Data extracts:
◇ ◇ ◇ ◇

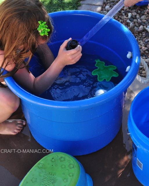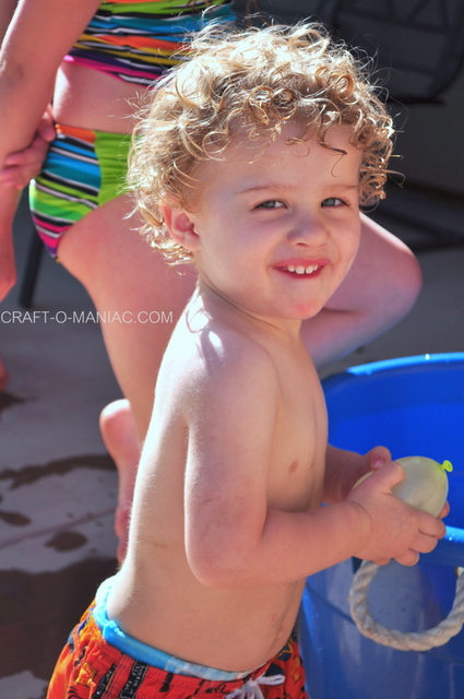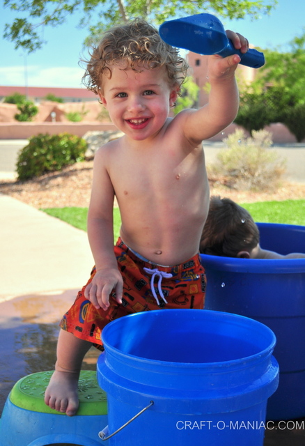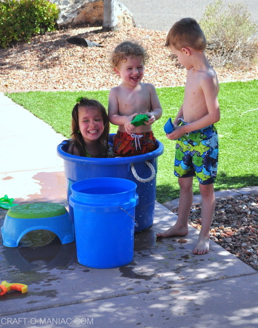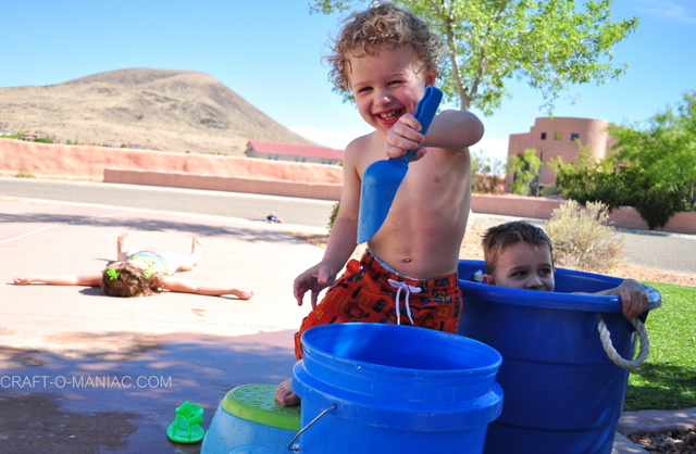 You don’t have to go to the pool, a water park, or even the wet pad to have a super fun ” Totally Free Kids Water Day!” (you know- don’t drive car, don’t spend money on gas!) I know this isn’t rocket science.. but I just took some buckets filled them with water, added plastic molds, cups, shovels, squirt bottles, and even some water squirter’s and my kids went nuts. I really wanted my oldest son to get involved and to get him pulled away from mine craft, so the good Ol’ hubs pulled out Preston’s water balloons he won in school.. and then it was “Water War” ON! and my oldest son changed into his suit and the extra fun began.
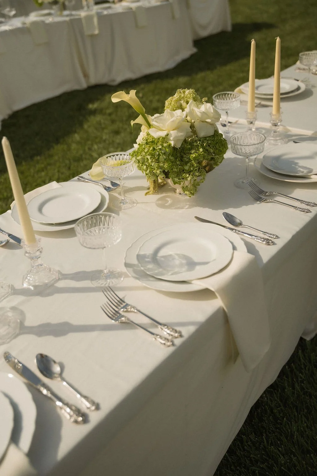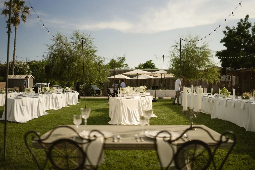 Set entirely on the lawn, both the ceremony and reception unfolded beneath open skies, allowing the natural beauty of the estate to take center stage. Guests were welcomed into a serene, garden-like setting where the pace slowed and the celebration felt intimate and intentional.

◇ ◇ ◇ ◇

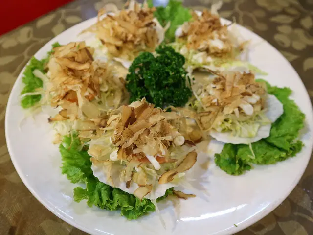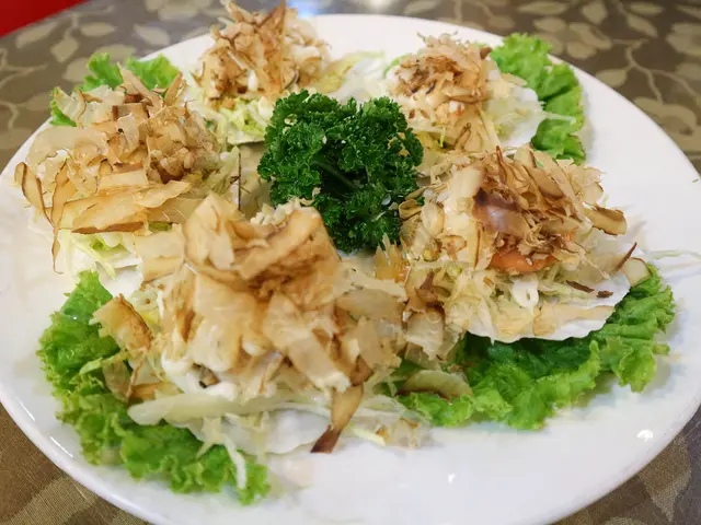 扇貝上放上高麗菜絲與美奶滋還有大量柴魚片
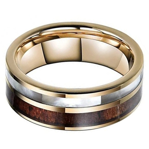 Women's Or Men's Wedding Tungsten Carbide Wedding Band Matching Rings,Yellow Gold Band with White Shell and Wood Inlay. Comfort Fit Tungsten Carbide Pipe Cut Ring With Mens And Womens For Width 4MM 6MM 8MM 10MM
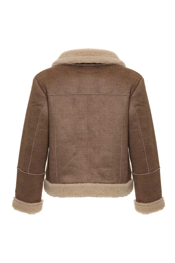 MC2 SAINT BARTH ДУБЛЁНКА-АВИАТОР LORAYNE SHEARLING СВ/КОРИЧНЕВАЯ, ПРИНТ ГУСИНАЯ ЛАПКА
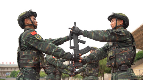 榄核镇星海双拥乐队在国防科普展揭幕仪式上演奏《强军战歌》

◇ ◇ ◇ ◇

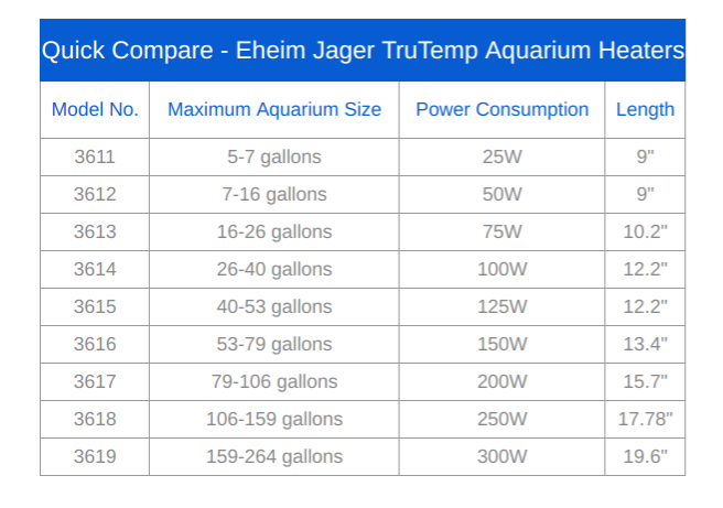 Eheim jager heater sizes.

◇ ◇ ◇ ◇

Required action: Above is the material; set down exactly its lines from the one containing "扇貝上放上高麗菜絲與美奶滋還有大量柴魚片" down to the one containing "榄核镇星海双拥乐队在国防科普展揭幕仪式上演奏《强军战歌》", both included, leaving out any pictures.

The completed task:
 扇貝上放上高麗菜絲與美奶滋還有大量柴魚片
 Women's Or Men's Wedding Tungsten Carbide Wedding Band Matching Rings,Yellow Gold Band with White Shell and Wood Inlay. Comfort Fit Tungsten Carbide Pipe Cut Ring With Mens And Womens For Width 4MM 6MM 8MM 10MM
 MC2 SAINT BARTH ДУБЛЁНКА-АВИАТОР LORAYNE SHEARLING СВ/КОРИЧНЕВАЯ, ПРИНТ ГУСИНАЯ ЛАПКА
 榄核镇星海双拥乐队在国防科普展揭幕仪式上演奏《强军战歌》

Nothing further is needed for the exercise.